# Sublimation Color Shift Woes



## Moo Spot Prints (Jul 16, 2006)

I started playing with sublimation this weekend and although the results look promising, I've hit a major stumbling block. When I press my transfer, I get a pretty significant purplish/lavender shift on the fabric.

I'm using an Epson 88+, Sawgrass Sublijet IQ inks, Accuplot paper. I've pressed with 385-410 degrees and 35-50 seconds onto 100% polyester fabric and vapor apparel shirts. I've used both the epson print driver and the sawgrass powerdriver. The epson leaves blacks looking green. Blacks look good using the sawgrass but some of the other colors are off. I'm going to try some more settings in a little bit and post some pictures later on tonight. 
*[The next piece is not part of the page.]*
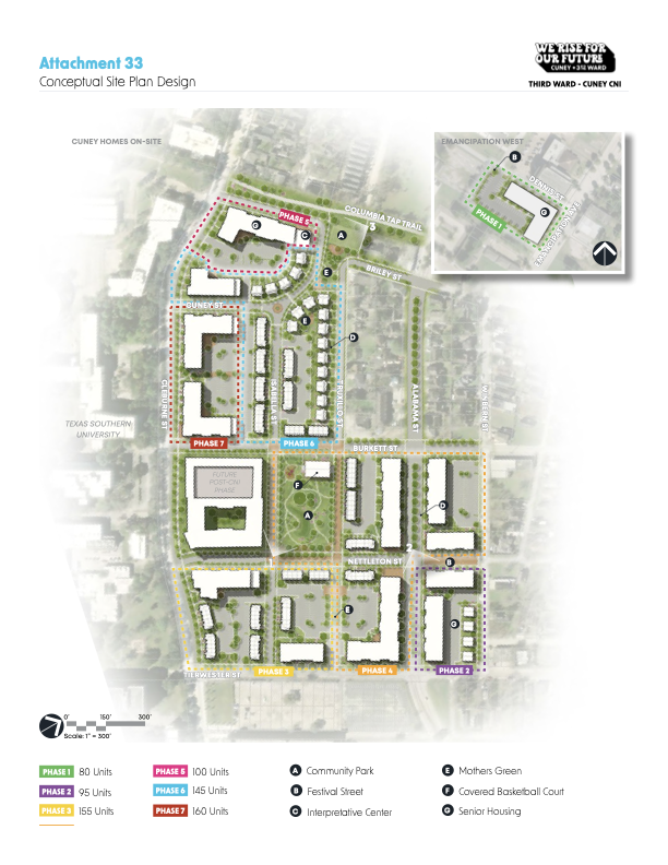 New construction of 155 apartments on the former Cuney Homes site, along an extension of Nettleton Street and Tierwester Street below an extension of Truxillo Street. This will serve as a greenway and Eastern gateway into this new mixed-use community.
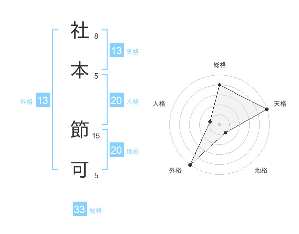 社本 節可さんの天格は13画の5点!

If you are getting consistently good results, can you share your settings? I'm going to run out of ink at this rate and I'm still not exactly sure *who's* messing up the color translation yet -- the printer, the driver or illustrator.


----------



## binki (Jul 16, 2006)

If you are using the color management in the print driver, turn it off in the graphics software. If you are using the epson driver, turn off the color management in the print driver and turn it on in the graphics software. 

Make sure your nozzle check is perfect. We had the green problem with blacks when the nozzle check was not perfect. 

We use the 1280 with the bulk delivery system.


----------



## Moo Spot Prints (Jul 16, 2006)

Thanks, that was enough to help me figure it out. I had selected ICM in the Epson driver but had then turned it OFF in the radio button right below. Prints now look closer to reality.

So, for *ME* good enough is:

Illustrator 10 - Edit/Color Settings... US Standard Prepress (Adobe or sRGB)
Epson 88+ driver. ICM Color Management. Fine setting. Plain Paper. High Speed.
Sublijet IQ ink, Accuplot paper.

Using photo put too much ink on the paper and made the prints too dark. 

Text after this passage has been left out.